▶ Problem description: Please give the whole listing again exactly, without any of its pictures.

▶ Raw data:
○ ○ ○ ○ ○

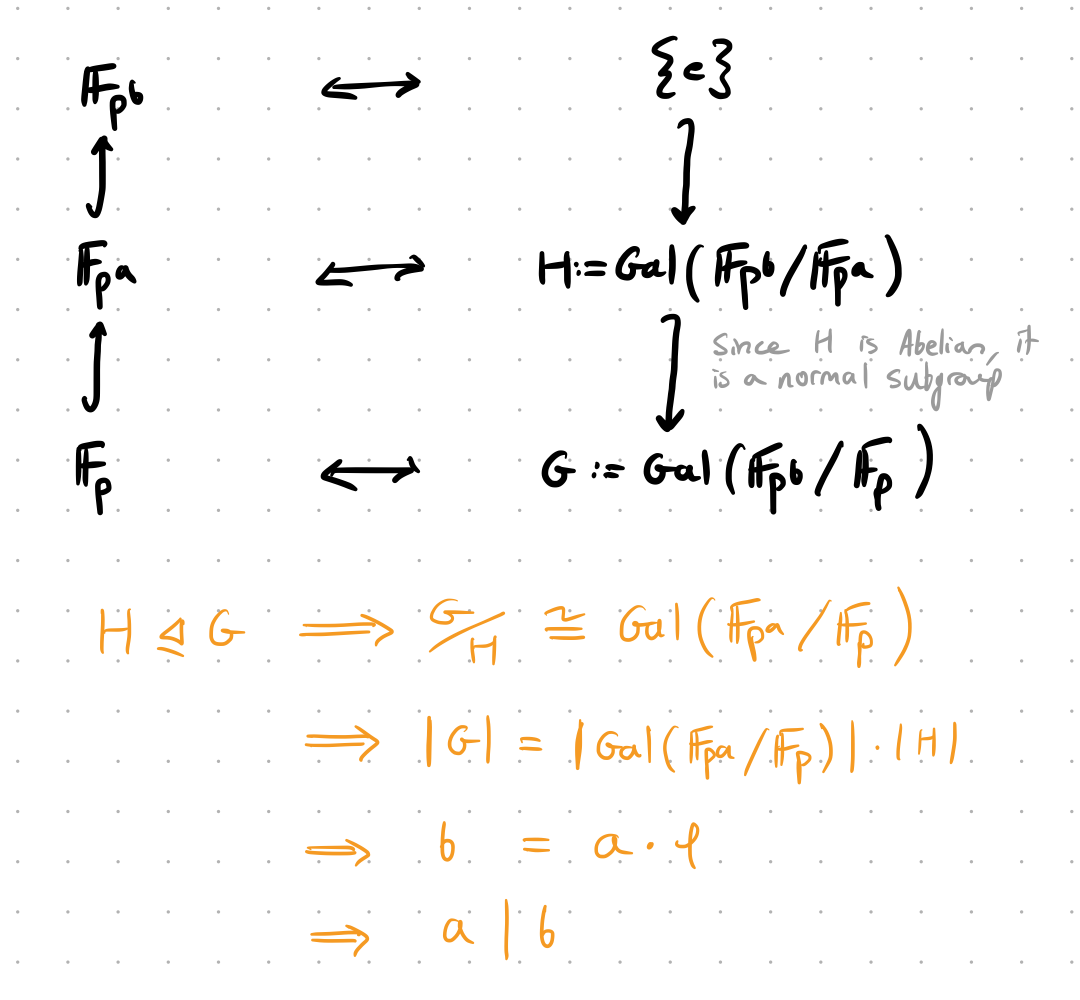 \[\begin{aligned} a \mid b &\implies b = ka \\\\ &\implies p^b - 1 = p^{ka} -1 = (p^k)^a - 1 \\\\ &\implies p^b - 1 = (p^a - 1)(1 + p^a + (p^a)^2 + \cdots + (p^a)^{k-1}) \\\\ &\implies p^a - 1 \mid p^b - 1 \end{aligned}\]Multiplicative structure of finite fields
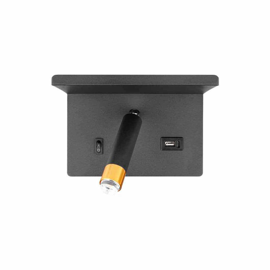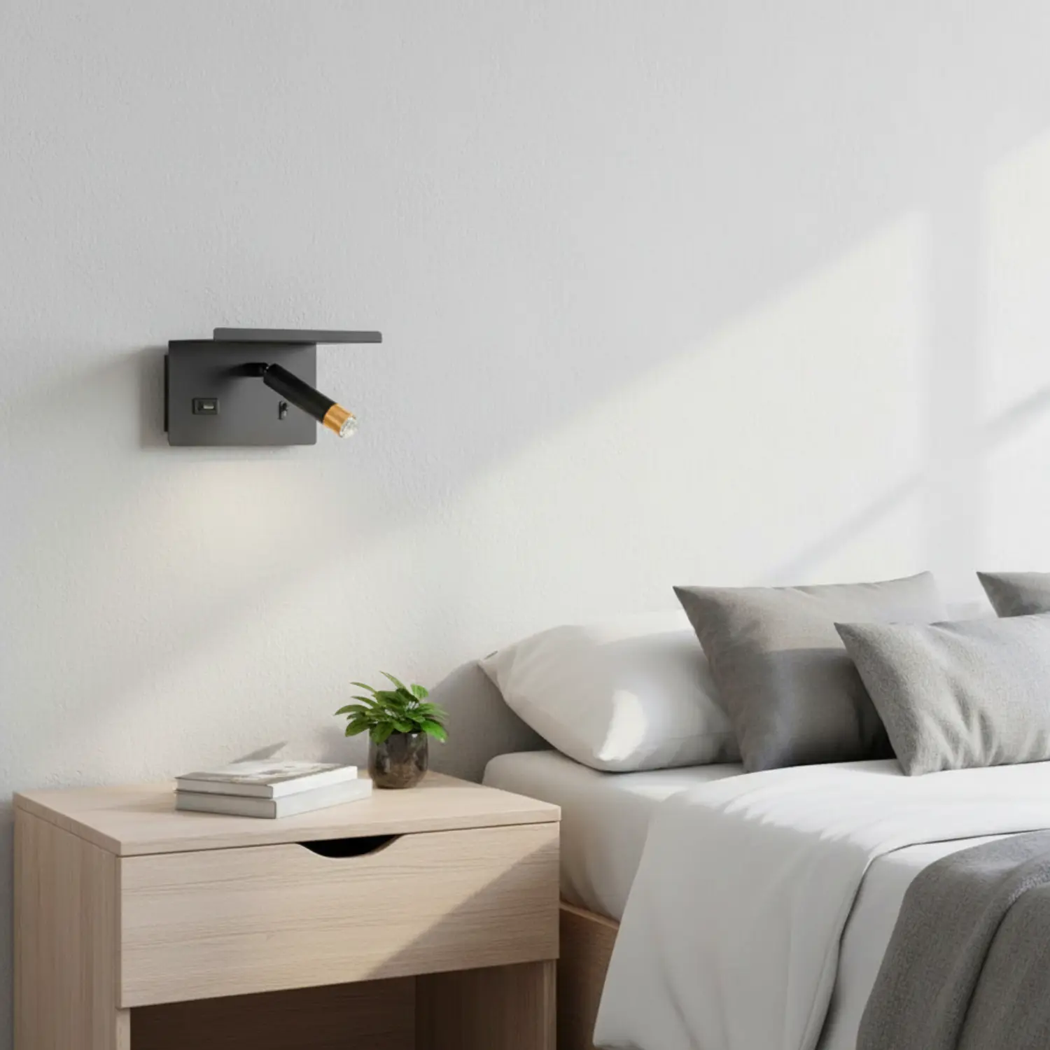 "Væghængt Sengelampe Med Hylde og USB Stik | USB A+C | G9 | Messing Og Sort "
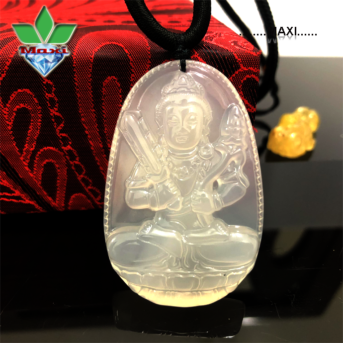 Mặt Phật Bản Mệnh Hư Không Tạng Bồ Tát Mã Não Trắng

○ ○ ○ ○ ○

▶ Answer space:
 \[\begin{aligned} a \mid b &\implies b = ka \\\\ &\implies p^b - 1 = p^{ka} -1 = (p^k)^a - 1 \\\\ &\implies p^b - 1 = (p^a - 1)(1 + p^a + (p^a)^2 + \cdots + (p^a)^{k-1}) \\\\ &\implies p^a - 1 \mid p^b - 1 \end{aligned}\]Multiplicative structure of finite fields
 "Væghængt Sengelampe Med Hylde og USB Stik | USB A+C | G9 | Messing Og Sort "
 Mặt Phật Bản Mệnh Hư Không Tạng Bồ Tát Mã Não Trắng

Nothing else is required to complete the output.